Pourtant, l’action de M. Barthassat est tournée sur la promotion du deux-roues motorisé, en particulier par les mesures suivantes :

Ouverture des voies de bus aux 2RM : alors que Berne ou Lucerne ont balayé ce principe et que les TPG s’y opposent, pour des raisons de vitesse commerciale.

Création de places de stationnement gratuites en surface, en particulier au centre-ville. L’ATE demande le respect de la loi pour une mobilité cohérente et équilibrée, qui stipule, à l’article 4, alinéa 2, lettre a, que « les motocyclistes doivent pouvoir s’appuyer, en complémentarité d’une offre privée (pour les logements et les activités), sur une offre de stationnement publique privilégiant le parcage courte durée en surface et celui de longue durée dans des parkings en ouvrage au moyen d’abonnements attractifs ». Or, pour garantir que le stationnement en surface soit de courte durée, et par conséquent non destiné aux pendulaires, des zones bleues sont indispensables.

Priorisation des mesures visant à la fluidification du trafic motorisé par rapport aux mesures de promotion et de sécurisation des modes doux.

L’ATE est préoccupée par cette politique délibérément tournée vers le 2RM, dont les cyclistes font en grande partie les frais. Pourtant, le vélo électrique représente une alternative directe et crédible aux deux-roues motorisés et devrait être l’étape suivant le passage à un 2RM.

L’ATE appelle le Conseil d’Etat à un engagement clair pour la promotion du vélo, qu’il soit électrique ou non, en garantissant le respect des aménagements cyclables par les 2RM et le développement prioritaire et rapide d’aménagements cyclables et de places de stationnement vélo.

Puisque M. Barthassat refuse d’œuvrer pour des conditions de vie saines à Genève, l’ATE s’engage afin d’informer le public, par le biais de la campagne « Vélo électrique ou scooter, vous vous posez la question ? www.veloVSscooter.ch », qui présente un comparatif complet des deux modes de transport, ainsi que des trucs et astuces pour les usagers qui passent aux vélos électriques.

Dans le cadre de la mise en œuvre de la loi pour une mobilité cohérente et équilibrée et l’initiative 144 pour la mobilité douce, l’ATE s’engagera également pour une application fidèle au texte et à l’esprit de la loi, dans le respect des articles relatifs au stationnement, mais aussi du développement de zones 30 et piétonnes.
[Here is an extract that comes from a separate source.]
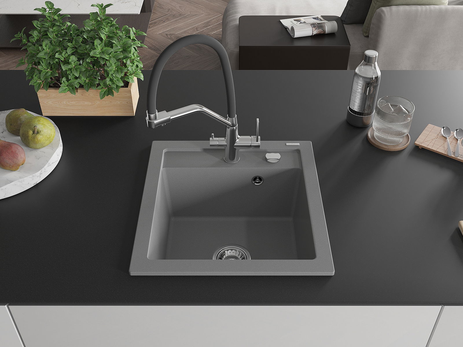 Povrch umývadla je odolný voči škvrnám a sfarbeniu, vďaka čomu sa ľahko čistí a zachováva si svoju farbu po dlhú dobu. Estetický a prakticky dopĺňajúci každú kuchyňu.

Afin de garantir une promotion du vélo et un frein à la promotion du 2RM telle qu’elle est menée par M. Barthassat, l’ATE s’opposera notamment à la création de places de stationnement gratuites en centre-ville, ainsi qu’à la création de voies bus ouvertes aux deux-roues motorisés et en exigeant le développement d’aménagements cyclables continus, sûrs et efficaces. Alors qu’un récent rapport de la Cour des Comptes pointe un déficit qualitatif conséquent des aménagements cyclables, il est plus que temps d’offrir aux cyclistes des conditions de circulation sûres et confortables, pour convaincre de nouvelles personnes d’opter pour le vélo et le vélo électrique.